However, some clinical and morphological differences between benign and malignant GGNs were inconsistent in the three hospitals. For example, smoking and family history are recognized risk factors for lung cancer, but we observed this difference only in Hospital 3. Female is closely related to lung cancer (42), but there is no significant sex difference between benign and malignant GGNs in the three hospitals. Some features were significantly different only in Hospitals 1 and 2 but not in Hospital 3. The following reasons may be relevant: 1) the origin of cases in all hospitals is different, and there is a selection bias; 2) the proportion of benign GGNs in Hospital 2 (63.5%, external test set 1) was significantly higher than that in the other two hospitals (25.1% and 51.6%); 3) the number of GGNs (N=31) in Hospital 3 (external test set 2) is less.

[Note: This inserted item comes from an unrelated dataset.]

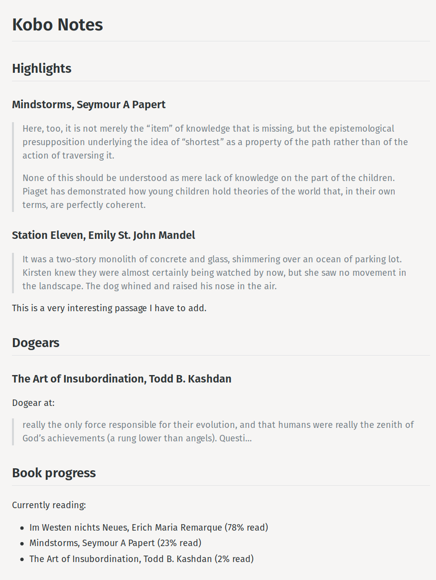 ![]() I get a file like the made with the first version, with all the highlights, and all the dogears than in the first version, with the same order too. And now (I don't know why) I have a "new" dogear that was in a PDF file, that did not appear in the first version!! And I get too the new improvements: the chapters, the date and hour of the highlights, the icons for the highlights and dogears. I think that I have all of them!! Attached you can see a screenshot of part of the new file, that I convert to html with pandoc, in Debian linux. You can see in it the new dogear from the pdf file. Many thanks for all the work. It may be useful. Greetings. Mtxo. |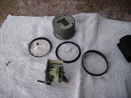 allora tony giri lo stumento e con un cacciavite a lama grande allenti la ghiera che è montata a pressione facendo leva tra il bordino e lo strumento. ti consiglio di cominciare dalla parte bassa e dopo pochi cm vedrai che si allenta tutta. una volta tolta la ghiera il vetro esce solo. togli la cornice interna che è montata a pressione e giri lo strumento. a questo punto basta togliere le due viti sul retro e con molta attenzione sfili tutto il blocco. |

The higher proportion of benign GGNs may explain why the AUC and accuracy of the model in the external test set 1 were weaker than those in the other two sets. In addition, previous studies (43, 44) have shown conflicting results on the relationship between the interface of GGNs and malignancy, with both well- and ill-defined interfaces appearing to be significantly associated with malignant GGNs. In the present study, we only observed a higher frequency of well-defined but coarse interfaces in malignant GGNs from Hospital 1. In addition to the above reasons, differences in the observer’s subjective evaluations of interfaces are also related. Furthermore, subjective differences also show the limitation of differentiating benign and malignant GGNs based on morphological features. Hence, a more extensive and balanced database of nodules is the key to improving the model.
The results of the Delong test showed that the differences in AUC between CMI and CMR models in the external test set 1 and between CMI and WR models in the external test set 2 were not statistically significant. The fact that the AUCs of the CMI (AUC=0.818) and CMR (AUC=0.821) models were too close may be the reason for the non-significant difference. In the external test set 2, although the AUC of the CMI model was 2.5% higher than that of the WR model, this may occur by chance due to the small sample size of this set and the increased weight of individual data on the influence of the model.
In the current study, we used 32 long-term (≥ 5 years) stable GGNs without pathological confirmation for models’ further validation. Fleischner Society recommends no routine follow-up for subsolid nodules with a size < 6mm (4). Even in subsolid nodules ≥ 6mm, the growth rate after five years of stabilization is only 2%, and the growth of these nodules has no clinical effect (45). So we considered these GGNs benign based on their long-term stable state and smaller initial size (median maximum diameter, 5.1mm). Surprisingly, the CM model achieved 100% accuracy, while the other four models based on whole-lung radiomics features and whole-lung image features showed prediction accuracies ranging from 93.75% to 98.68%. The high accuracy of the CM model may be related to the smaller size and fewer positive CT morphologic features. Errors in the other four models may be the combined effects of incorporating whole-lung features. In addition, there may be an overestimation of the accuracy exhibited by all models due to the lack of pathological results. Some studies have found that the indolent growth nature of GGNs determines that the final pathological result may still be malignant even after maintaining long-term stability (33, 34, 46). The WR model (only based on whole-lung radiomics features) incorrectly predicted without combining clinical and morphological features may also suggest the presence of information in the whole-lung features to differentiate the entirely benign or malignant of this type of GGNs. Lee et al. also found that 13% (27/208) of subsolid nodules grew after five years of stability, and about 95% of these nodules were less than 6mm in size (47). Therefore, despite the bias in the external test set 3 results, it further illustrates the feasibility of the method for predicting benign and malignant GGNs based on whole-lung features and the generalization potential of the DL model.
Technically, we solved the following problems. The first is to design a second-order neural network to effectively integrate clinical-morphological, image, and radiomics features. The second-order neural network better fitted the relationship between the three features and restored their genuine connection as much as possible. Second, we encountered the problem of fewer samples during training. We used the data enhancement method, similar to some previous studies (44, 48), in which samples were shifted and rotated to increase the diversity of samples, improve the accuracy and generalization ability of the model, reduce over-fitting, and improve the accuracy and robustness of the model.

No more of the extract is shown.